Lass dich doch nicht so schnell entmutigen!
In welchem Format hast du denn die nachbearbeitete
Datei abgespeichert? Als .PSD oder so vermute ich mal.

Vorschlag:
Probiere doch einmal folgendes. Exportiere den Filmstreifen
einfach noch einmal, wie du es beim ersten mal gemacht hast.
Öffne diesen dann in PS und öffne auch deine Nachbearbeitete
Datei im Format (.PSD oder welches Format es auch immer sein
mag). 

Diese beiden Bilder müssten ja bis auf die Dateiendung in Sachen
Grösse Identisch sein. Markiere die Nachbearbeitete Version mit
Ctrl+a und kopiere sie mit Ctrl+c. Dann gehst du in den neu exportierten
Filmstreifen den du noch nicht verändert hast und fügst die Kopie mit
Ctrl+v ein. Die Nachbearbeitete Version müsste jetzt über dem 
original Filmstreifen liegen.
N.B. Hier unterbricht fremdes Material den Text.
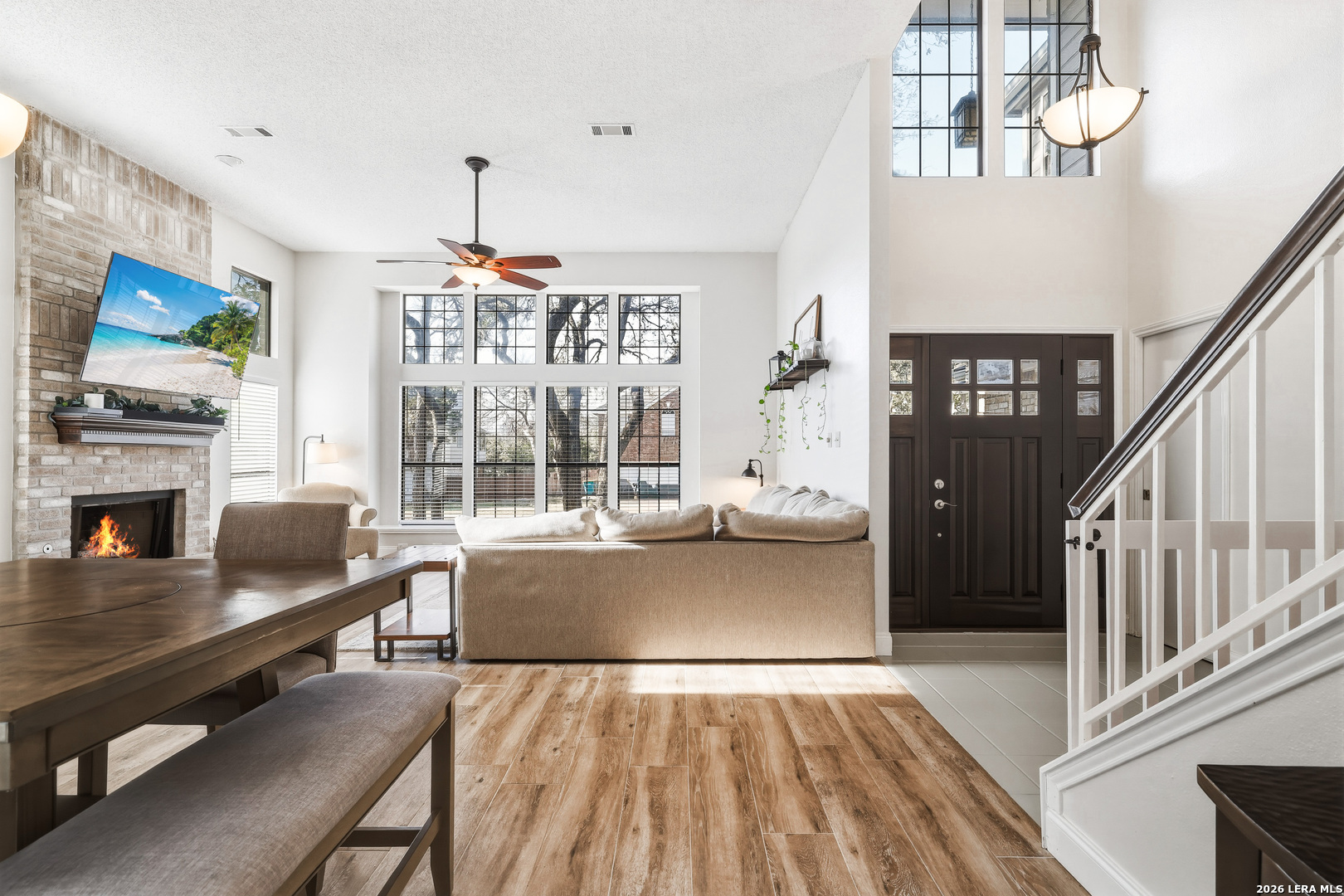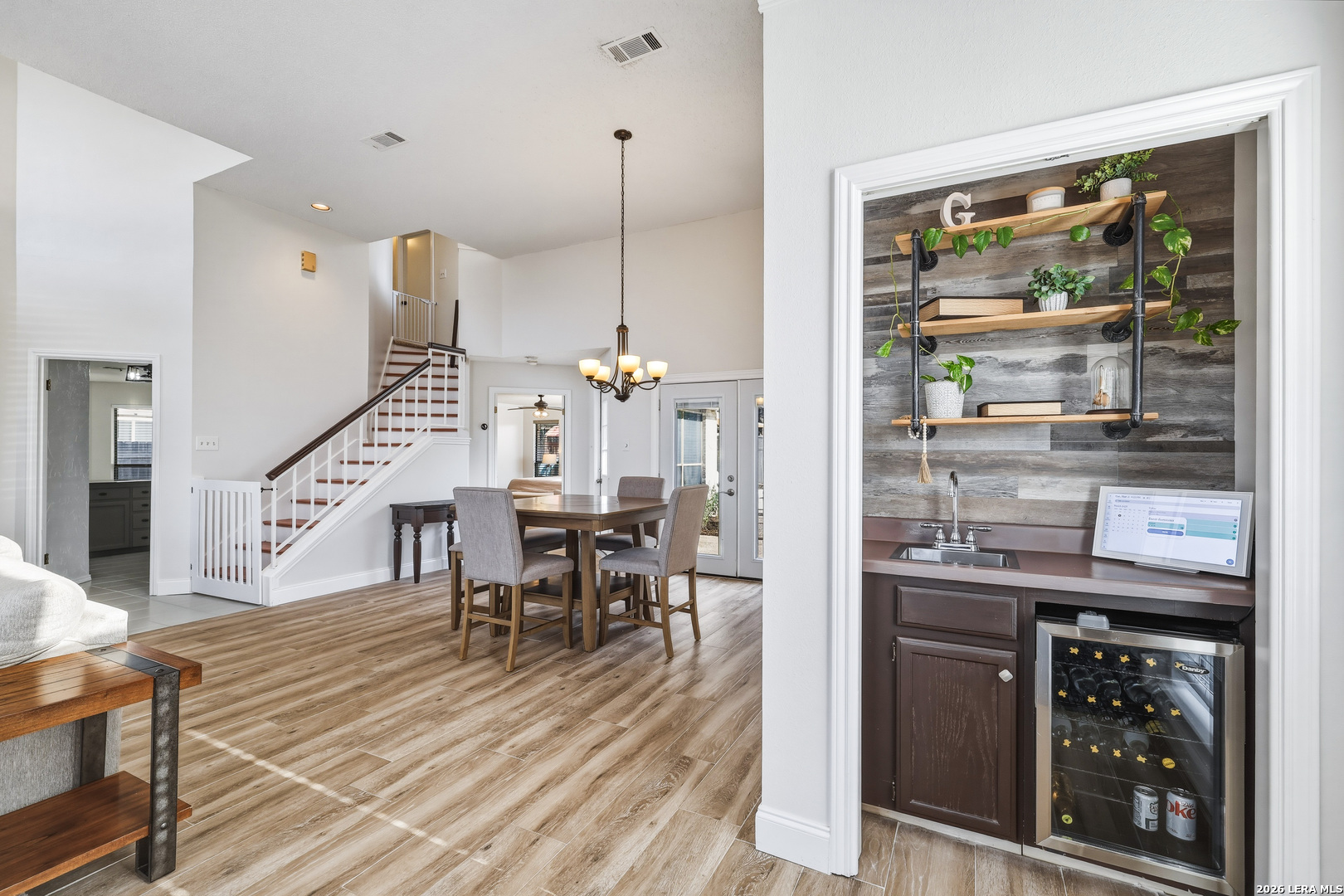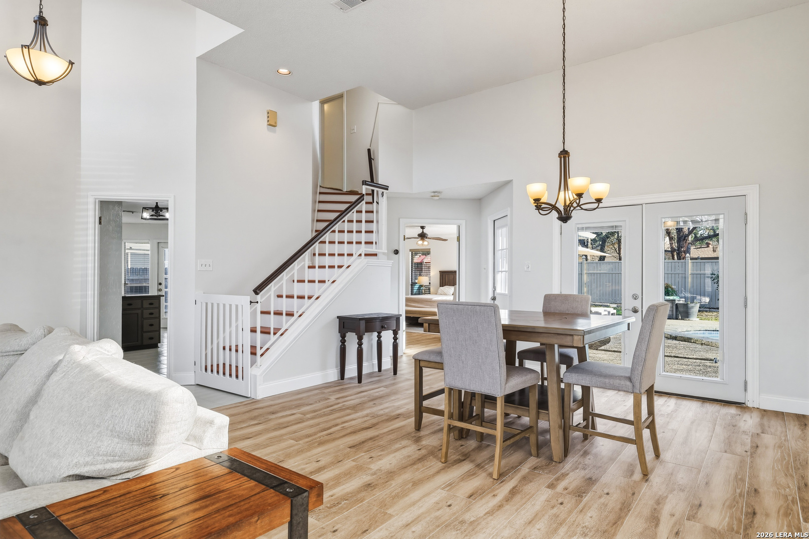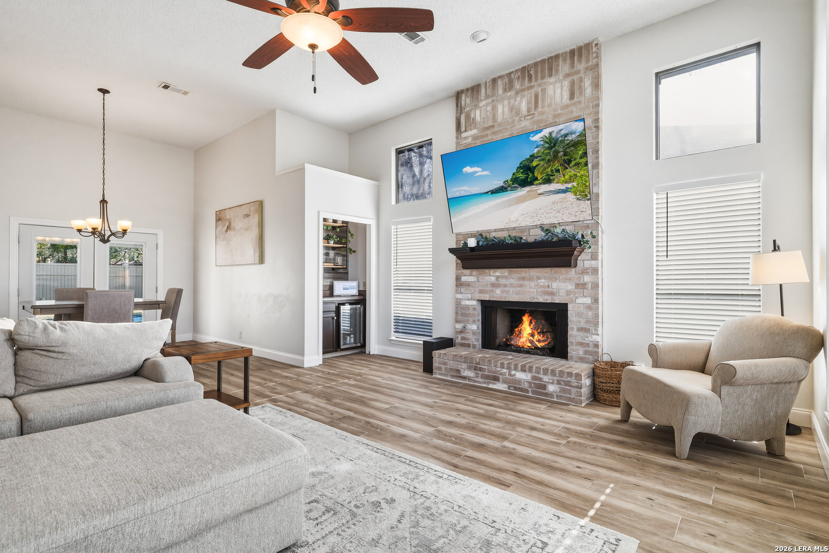 This beautiful Sitterle 3-bedroom, 2.5-bath home offers the perfect blend of comfort, character, and exceptional outdoor living in an unbeatable location-all with no HOA. Step inside to soaring high ceilings that create an open, airy feel filled with natural light. The spacious family room with wet bar is anchored by a stunning brick fireplace, creating a warm and inviting focal point. The separate kitchen offers both functionality and charm, complete with a cozy breakfast area. Just off the kitchen, you'll find a secondary patio ideal for grilling or easy access to your garden. Spacious primary suite with spa-like bathroom downstairs and 2 generous bedrooms upstairs provide both privacy and functionality. Enjoy your backyard retreat featuring a sparkling pool and a newly added gazebo that creates the perfect shaded space for relaxing or entertaining. Easy access to IH35, Loop 1604, The Forum Shopping Center, Randolph Air Force Base, Olympia Hills Golf Course, and numerous entertainment options. New pool pump (2023),New tile flooring in living, dining, primary suite (2022).

Nun noch auf Hintergrundebene
redurieren und alles mit dem normalen »speichern« abspeichern.

Das müsste eigentlich so reibungslos funktionieren. Ansonsten kann
ich dir nur noch anbieten mir mal beide Dateien zu schicken, damit
ich da mal drüberschauen kann, aber eigentlich müsstest du das
so hinbekommen.


----------